報警的是劉嘉嘉的鄰居。那人就住在她家對麵,今天早上開窗通風的時候,無意中看到她趴在自己的書桌上,好像在打瞌睡。對此鄰居起先並不在意,可是到了下午,當他第四次跑到窗前看到那孩子還保持著同樣的姿勢一動不動時,就開始覺著不太對勁了,於是跑去敲她家的門,但是敲了半天沒人應。
說起來,劉嘉嘉算是個孤兒。從小爸媽就不在了,隻有個比她大十歲的哥哥一直在照顧著,為了她的醫療費那男孩子一直在外麵打工,逢年過節回來一次,周圍鄰居都知道她家的難處,所以長期以來一直都心照不宣地輪流照應著這個可憐的女孩。
當意識到無論怎麼樣都敲不開劉家大門之後,幾個鄰居商量了一下,決定報警。警察來了以後很快強製破門而入,然後確認了一個事實,那孩子早就已經離開了人世。
死亡原因是猝死,睡眠時呼吸的一個小小的卡殼,成了奪去她生命的罪魁禍首。不幸的姑娘……但作為一起案子,它本來是並不屬於羅永剛受理範圍的。
羅永剛是重案組,這起案子是自然死亡。
那為什麼會被羅永剛接手呢?
因為緊跟著不多久,一名警察無意中在那女孩家裏發現的東西,讓這案子迅速提升成一起惡性的刑事案。
東西是在她家冰箱裏發現的,就在這些警察勘察完了現場,準備收隊走人的時候,一名警察發覺放在客廳裏的那台冰箱在滲水,一點點紅色的水。
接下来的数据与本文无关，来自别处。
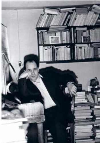
Pierre Boulez dans son appartement parisien, février 1958
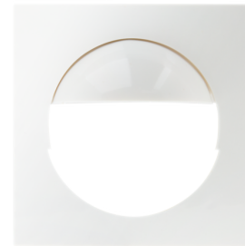
Zentralplatte Indoor 180 S1 56x56 Art.No: 35126

Abmessungen: 55 x 55 mm Gehäuse: Polycarbonat, UV-beständig Farbe: verkehrsweiß glänzend, ähnlich RAL9016
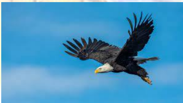
День порятунку орлів
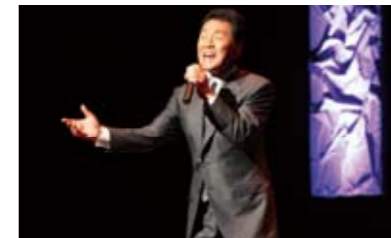
スペシャルゲストの五木ひろし氏に新曲も含め、熱唱していただきました。
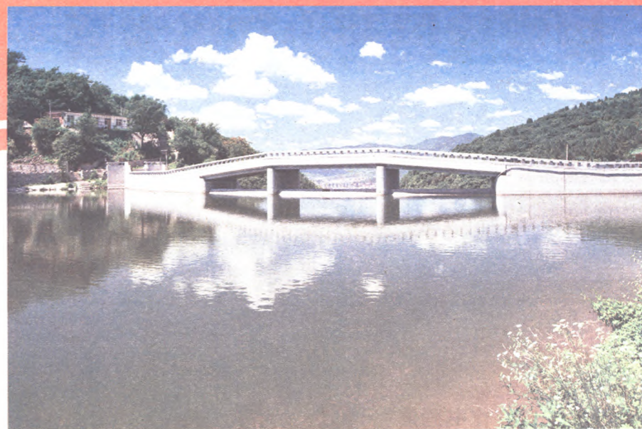
南马场水库
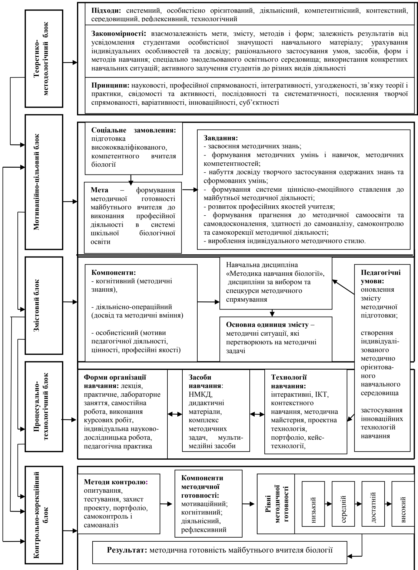
Рис. 1. Концептуальна модель системи методичної підготовки майбутніх учителів біології в педагогічних університетах
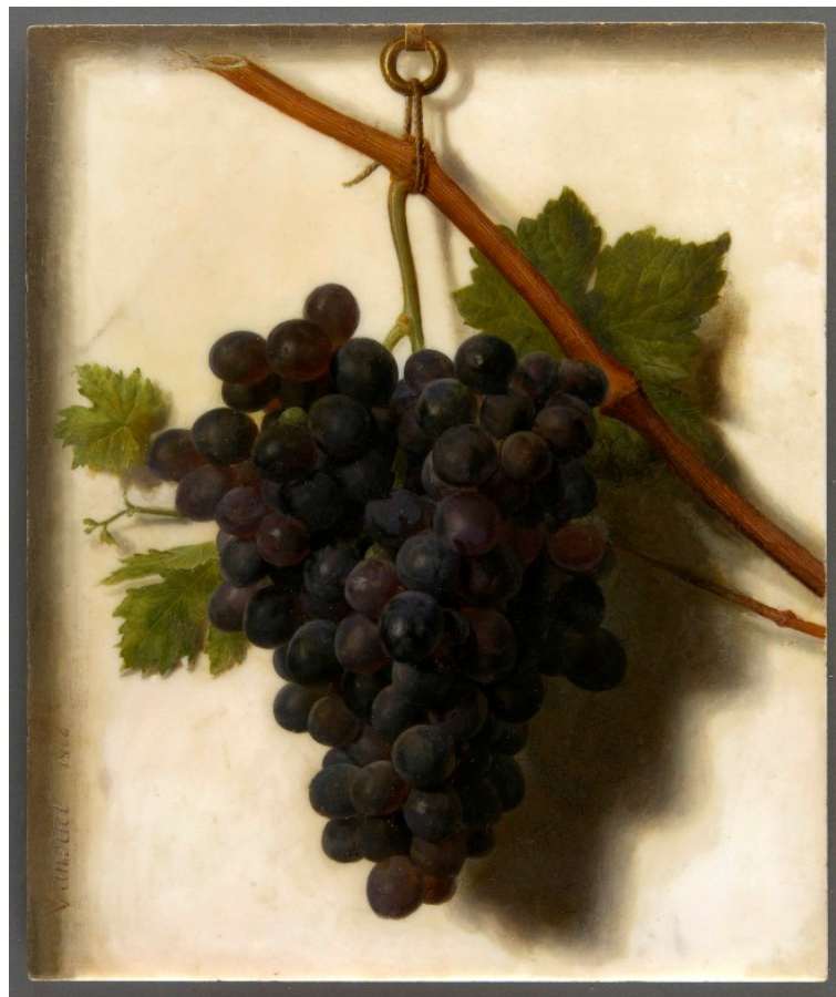
Рис. 3. Ж.Ф. Ван Даль. Натюрморт с виноградной гроздью. 1806 г., мрамор, масло, 32x27 см. Общий вид после реставрации.
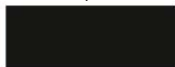
Czarny kod 18
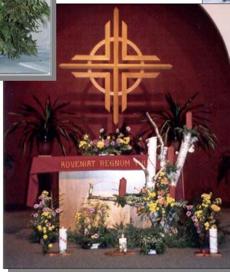
Le fruit de notre travail
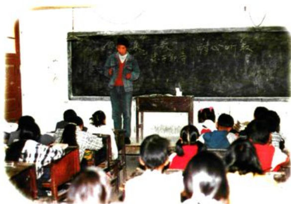
实习学生在实习学校认真讲课。
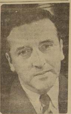
D. Oscar Gajardo, Ministro de Justicia
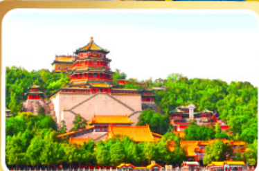
พระราชวังฤดูร้อนอี๋เหอหยวน
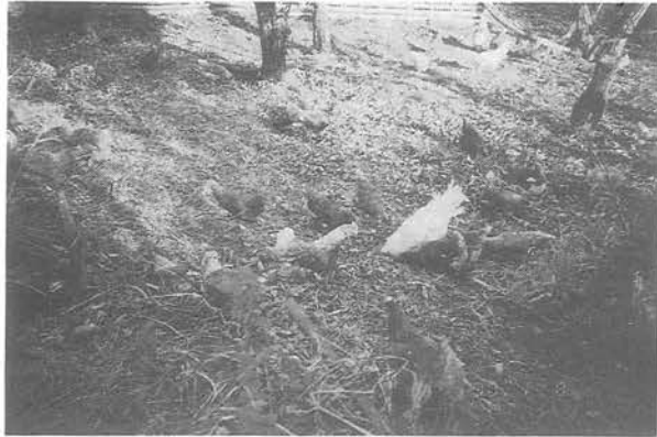
まったく自然の中で自由奔放（皆農塾）

都会の生活は沢山稼いで沢山使う生活だった。地方の生活が同じ目論みでは都会の思想・論理に押しつぶされてしまうのは当然である。都会が沢山稼いで沢山使う形態ならば、農村は少し稼いで少し使う形態を選択すべきである。その少し稼いで少し使う形態の中に確固たる思想がないと都会の欲望の大河の前に農村などひとたまりもない。
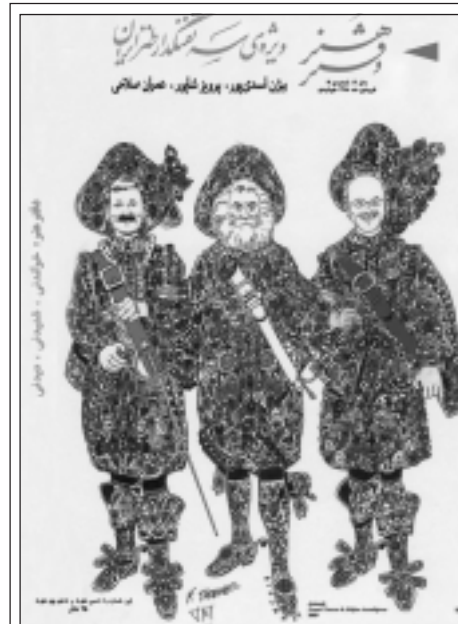
طرح رو جلد دفتر هنر مخصوص سه تفنگدار طنز فارسی

چهره ی ظاهری پرویز به خودش ارتباط داشت، با هر چهره ای که بود در هر کجا می نشست کاغذ و خود کار همراهش بود یا کاریکلماتور می نوشت و یا تصاویر موش و گربه را
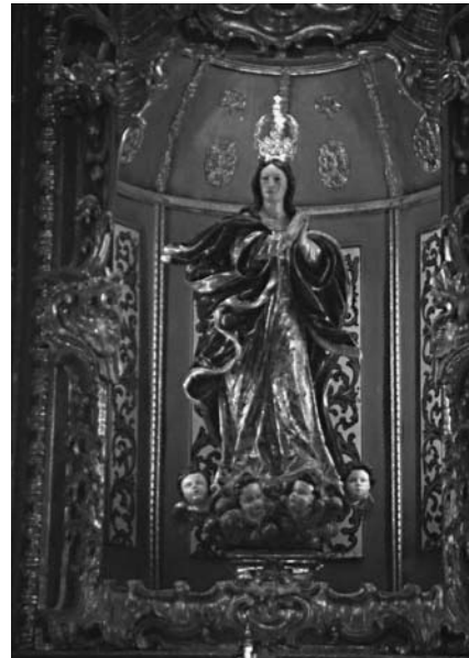
Patrona de La Carlota

Se trata de una bella pieza de tamaño menor que el natural, que efigia a María sobre un nimbo celeste del que emergen cuatro cabezas de querubines. La Virgen viste túnica beige estofada y enriquecida con decoración floral y manto azul orlado en oro y con vueltas jacinto. Los paños, como insuflados por el viento, vuelan con gran libertad lo que, unido a la diagonal formada por
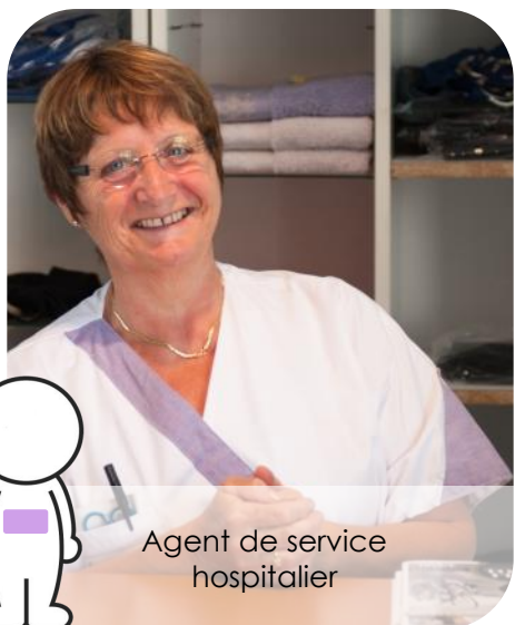
Agent de service hospitalier

當下打開冰箱,然後在場所有的人全都吃了一驚,因為整個一層速凍箱裏散亂地堆著不少動物的內髒。內髒很新鮮,其中一塊上麵還鉤著枚戒指,這發現讓他們立刻叫來了法醫當場檢驗,之後很快得出結論,那些內髒不是來自任何家畜,它們屬於人。
“人的內髒?!”聽完羅永剛說的這些話,我很震驚。
“是的,差不多有兩個人以上的內髒。”
“為什麼她家裏會有這種東西……”
羅永剛搖了搖頭:“原因還在調查。”
“……那,我的電話號碼……為什麼會在她這裏。”
“這也是我想要問你的。你和她認識?”
“隻見過一次,在我打工的地方。”
“你在什麼地方打工?”
“我……”這一問,一下子把我給問住了。我該怎麼跟這警察說明黃記的事情?那根本就是個海市蜃樓似的店。
“叩叩叩。”這當口窗突然被敲了三下。
抬頭一看,發覺是對門家的術士,他撐了把傘在我家窗外站著,嘴裏叼著煙,一如既往的懶散。
“什麼事?”打開窗我問他。
他眯眼看了看我,然後把煙從嘴裏取下:“幾點了?”
“……八點。”
“你打算幾點來給我幹活?”
我呆了呆。
還沒反應過來,羅永剛已從後麵走了過來,一邊打量著術士,一邊問我:“你是在給他打工?”
窗玻璃上倒映出狐狸的臉,他朝我眨了眨眼睛。
於是我點點頭:“對,我在他的店裏幫忙。”
“和劉嘉嘉就是在他店裏認識的?”
“對。”
“你們一共見過幾次。”
“就一次。”
“她去店裏做什麼。”
“買……”調料倆字剛要出口,及時被我吞進喉嚨:“買蠟燭。”
“蠟燭?”羅永剛皺了皺眉:“買蠟燭做什麼。”
“不知道……”
我盡力讓自己說得理直氣壯,並且理直氣壯地看著這警察那雙沒有任何特點,卻叫人坐立不安的眼睛。他那雙眼睛始終在注視著我,我可以很清楚地感覺得到,他在我說著這些話的時候眼裏閃過的一些小小的懷疑。但同時他又找不到任何可以挑出問題的地方,這讓他一時無話可說。
術士又敲了敲窗,有些不耐煩的樣子。
我道:“晚些時候吧,我有事呢。”
他重新把煙塞進嘴裏,朝羅永剛看看:“九點前吧,要不就別來了。”說完轉身往對麵走了回去。我看著他的背影,有點奇怪他突然而來的幫助。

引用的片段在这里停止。